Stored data
※ ※ ※
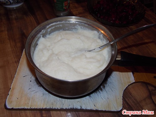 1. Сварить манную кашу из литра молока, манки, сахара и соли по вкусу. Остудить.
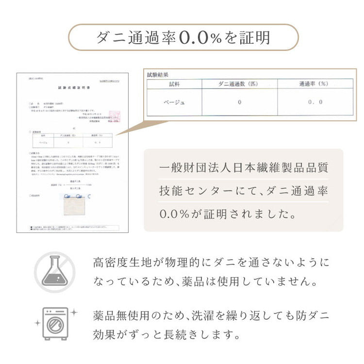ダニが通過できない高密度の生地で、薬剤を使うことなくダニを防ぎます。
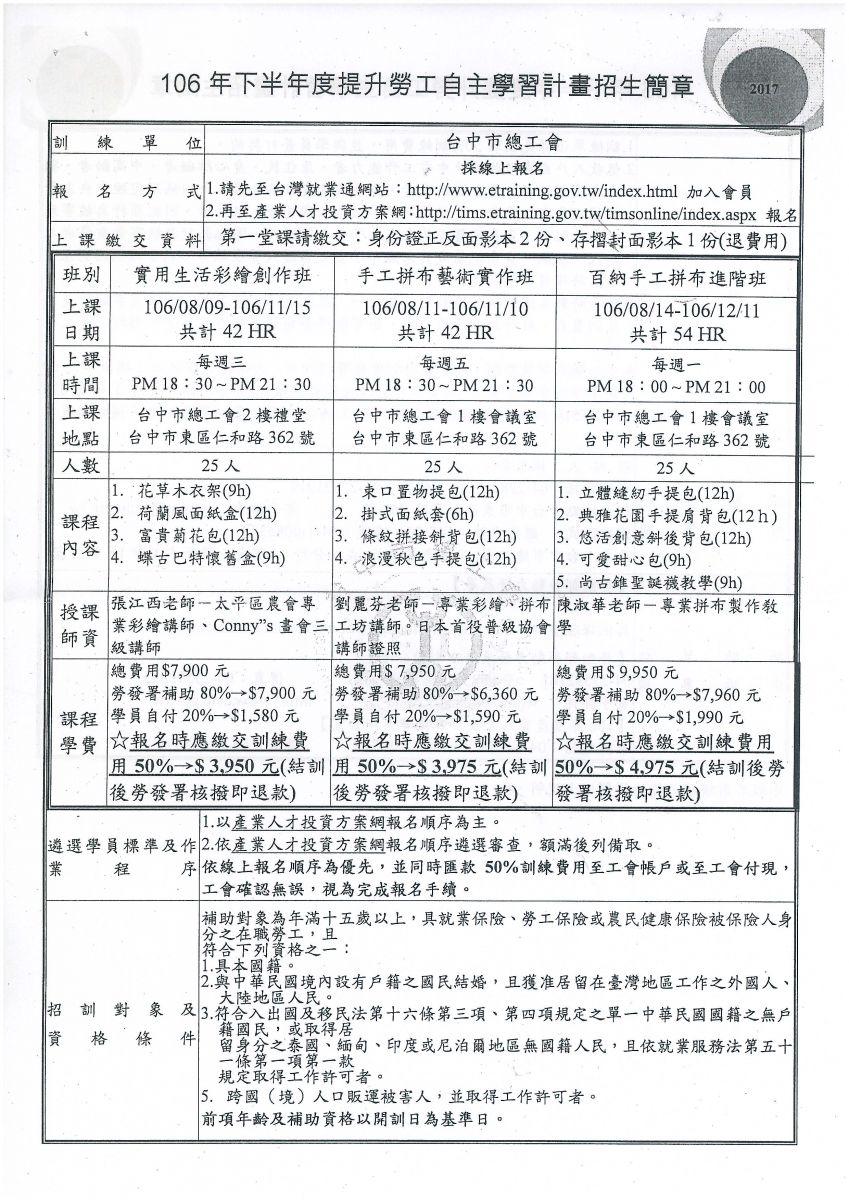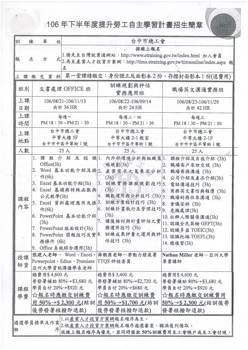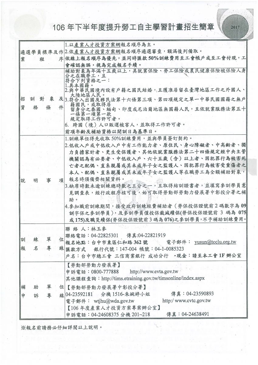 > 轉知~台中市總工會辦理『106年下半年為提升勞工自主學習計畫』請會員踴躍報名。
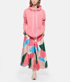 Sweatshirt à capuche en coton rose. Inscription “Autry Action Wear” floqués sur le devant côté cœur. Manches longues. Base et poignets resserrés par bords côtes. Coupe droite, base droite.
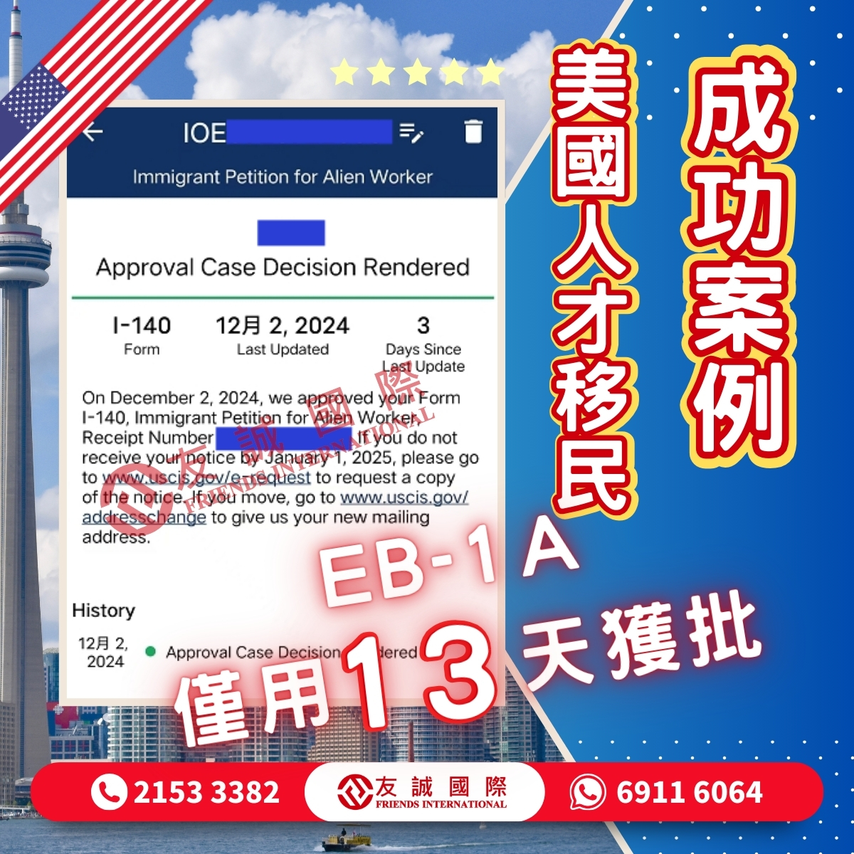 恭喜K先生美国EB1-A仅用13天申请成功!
※ ※ ※
§ Work required: Using the entries above, write out exactly the lines from the one with "ダニが通過できない高密度の生地で、薬剤を使うことなくダニを防ぎます。" through the one with "Sweatshirt à capuche", ends included. Leave out any pictures.

§ Reply:
ダニが通過できない高密度の生地で、薬剤を使うことなくダニを防ぎます。
 > 轉知~台中市總工會辦理『106年下半年為提升勞工自主學習計畫』請會員踴躍報名。
 Sweatshirt à capuche en coton rose. Inscription “Autry Action Wear” floqués sur le devant côté cœur. Manches longues. Base et poignets resserrés par bords côtes. Coupe droite, base droite.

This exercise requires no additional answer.